>>>

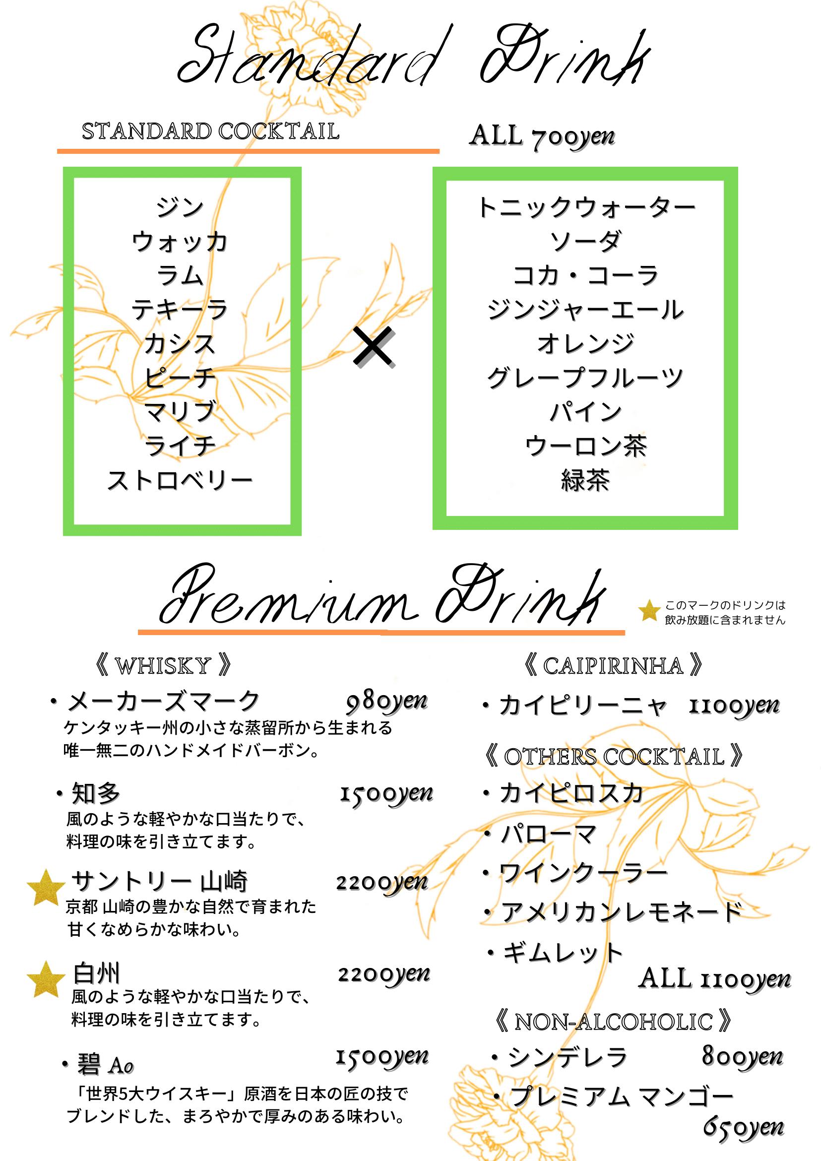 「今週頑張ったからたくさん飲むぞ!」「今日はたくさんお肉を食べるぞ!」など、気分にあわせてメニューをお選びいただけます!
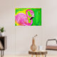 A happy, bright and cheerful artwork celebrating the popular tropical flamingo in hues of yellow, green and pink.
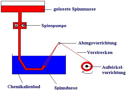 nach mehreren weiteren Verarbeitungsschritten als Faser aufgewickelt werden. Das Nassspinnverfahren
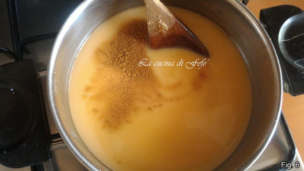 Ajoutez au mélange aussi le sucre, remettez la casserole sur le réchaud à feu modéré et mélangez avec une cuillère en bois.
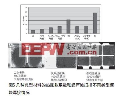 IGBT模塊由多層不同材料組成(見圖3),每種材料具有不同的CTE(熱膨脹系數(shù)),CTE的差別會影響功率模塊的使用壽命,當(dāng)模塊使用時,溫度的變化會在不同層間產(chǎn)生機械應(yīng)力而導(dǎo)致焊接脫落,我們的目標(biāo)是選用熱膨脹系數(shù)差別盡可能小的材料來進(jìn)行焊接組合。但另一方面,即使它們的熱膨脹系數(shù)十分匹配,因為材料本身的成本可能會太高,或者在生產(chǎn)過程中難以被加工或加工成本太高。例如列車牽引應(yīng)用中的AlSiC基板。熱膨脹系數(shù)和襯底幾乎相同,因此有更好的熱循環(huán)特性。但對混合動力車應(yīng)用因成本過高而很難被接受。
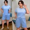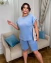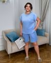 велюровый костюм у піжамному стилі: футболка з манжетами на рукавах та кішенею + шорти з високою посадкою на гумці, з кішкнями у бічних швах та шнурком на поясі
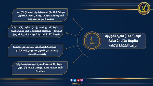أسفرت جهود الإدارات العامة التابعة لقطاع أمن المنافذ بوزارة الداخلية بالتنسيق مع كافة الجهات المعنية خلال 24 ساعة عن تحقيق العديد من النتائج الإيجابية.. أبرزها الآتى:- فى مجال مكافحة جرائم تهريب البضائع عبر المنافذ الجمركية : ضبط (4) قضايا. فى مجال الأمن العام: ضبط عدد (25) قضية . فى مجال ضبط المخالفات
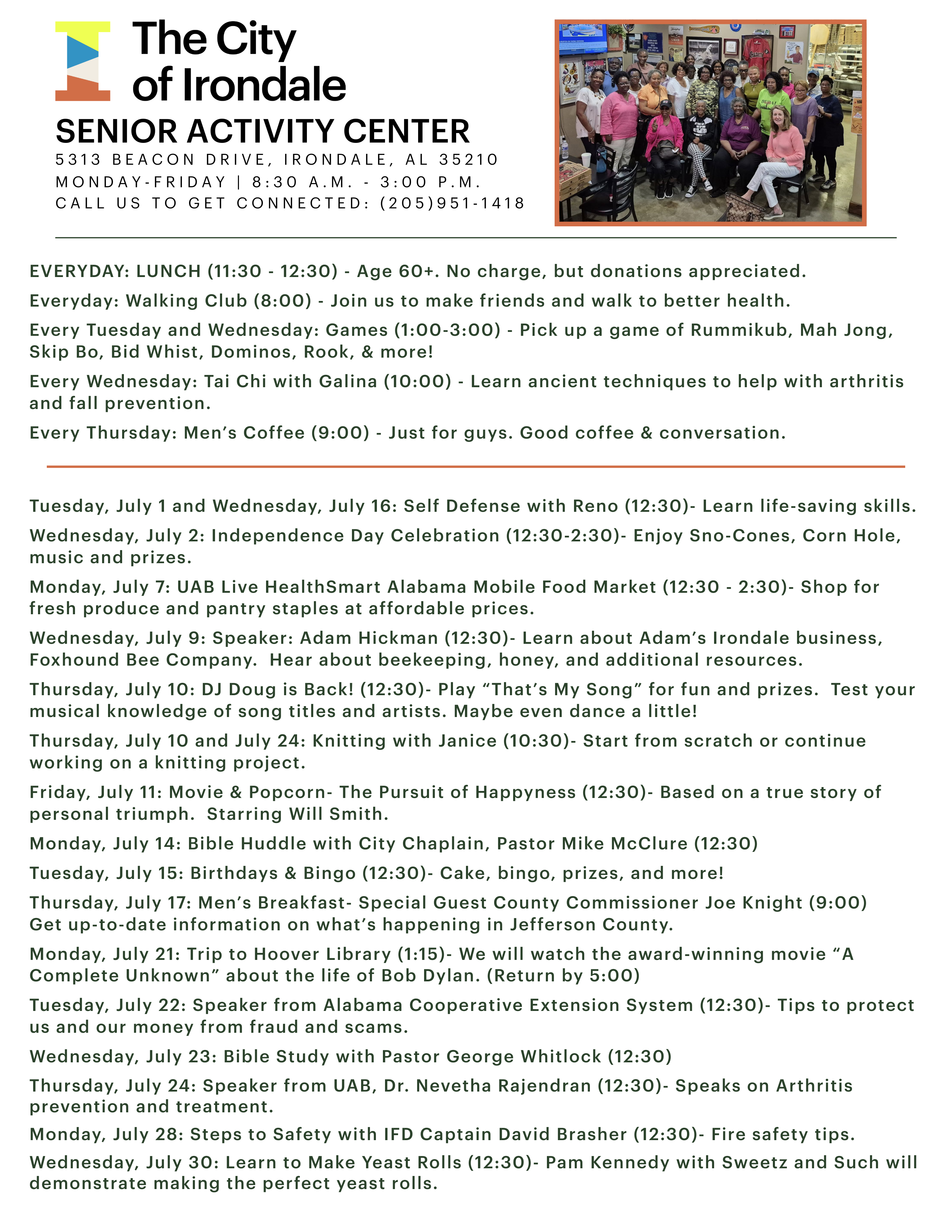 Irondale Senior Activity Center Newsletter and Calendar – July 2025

<<<
>>>

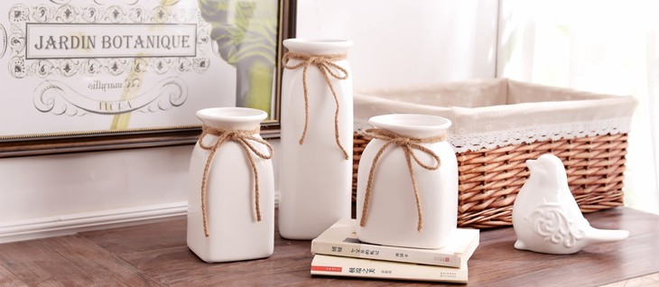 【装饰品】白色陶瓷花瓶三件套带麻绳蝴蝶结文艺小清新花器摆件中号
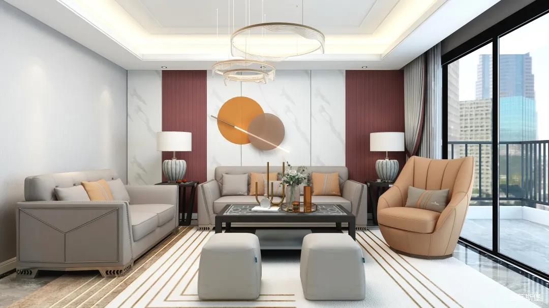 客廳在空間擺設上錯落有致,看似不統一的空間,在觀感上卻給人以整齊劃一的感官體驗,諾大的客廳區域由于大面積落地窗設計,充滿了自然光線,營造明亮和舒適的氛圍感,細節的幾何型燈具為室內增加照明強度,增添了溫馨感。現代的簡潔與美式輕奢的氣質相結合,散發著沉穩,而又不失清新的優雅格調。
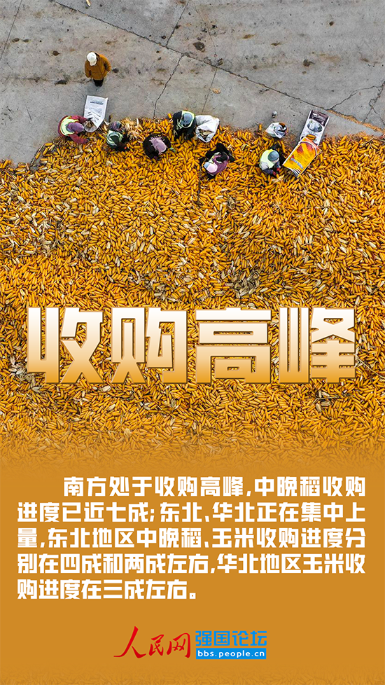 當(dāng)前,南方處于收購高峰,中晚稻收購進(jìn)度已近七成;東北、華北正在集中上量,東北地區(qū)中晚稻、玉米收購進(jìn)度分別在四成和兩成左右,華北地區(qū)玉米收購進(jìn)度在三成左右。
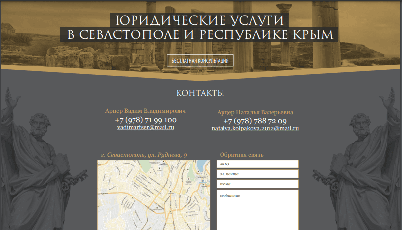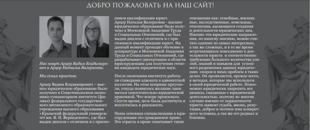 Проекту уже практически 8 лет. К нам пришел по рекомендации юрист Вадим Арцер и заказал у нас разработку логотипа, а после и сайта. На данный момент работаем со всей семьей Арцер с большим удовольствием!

<<<
>>>

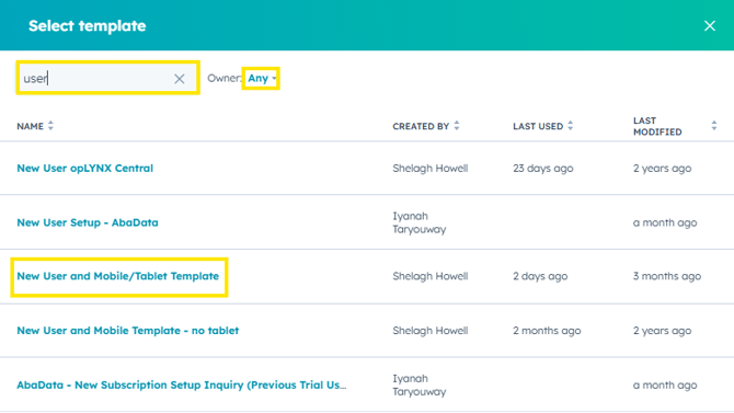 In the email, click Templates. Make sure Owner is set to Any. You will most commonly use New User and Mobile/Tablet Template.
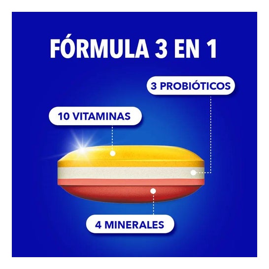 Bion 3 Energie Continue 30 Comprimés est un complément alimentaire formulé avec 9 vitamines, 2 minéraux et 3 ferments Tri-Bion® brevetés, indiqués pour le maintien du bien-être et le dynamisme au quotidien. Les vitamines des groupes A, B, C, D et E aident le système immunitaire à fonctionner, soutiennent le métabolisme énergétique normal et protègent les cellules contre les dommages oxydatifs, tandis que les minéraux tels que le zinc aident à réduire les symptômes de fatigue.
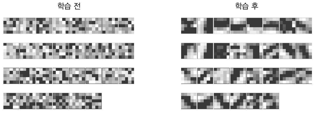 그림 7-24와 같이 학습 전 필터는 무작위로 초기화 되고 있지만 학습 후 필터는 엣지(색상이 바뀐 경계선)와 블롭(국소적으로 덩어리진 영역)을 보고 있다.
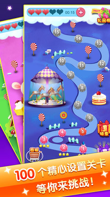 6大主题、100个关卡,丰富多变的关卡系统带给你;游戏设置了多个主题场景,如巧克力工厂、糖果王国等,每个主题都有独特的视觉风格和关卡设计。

<<<

= Work required =
From the listing above, please give again the lines that begin with the line holding "велюровый костюм у" and go on through the line holding "Irondale Senior Activity", exactly, both ends included, minus any picture.

= Reply to the exercise =
 велюровый костюм у піжамному стилі: футболка з манжетами на рукавах та кішенею + шорти з високою посадкою на гумці, з кішкнями у бічних швах та шнурком на поясі
أسفرت جهود الإدارات العامة التابعة لقطاع أمن المنافذ بوزارة الداخلية بالتنسيق مع كافة الجهات المعنية خلال 24 ساعة عن تحقيق العديد من النتائج الإيجابية.. أبرزها الآتى:- فى مجال مكافحة جرائم تهريب البضائع عبر المنافذ الجمركية : ضبط (4) قضايا. فى مجال الأمن العام: ضبط عدد (25) قضية . فى مجال ضبط المخالفات
 Irondale Senior Activity Center Newsletter and Calendar – July 2025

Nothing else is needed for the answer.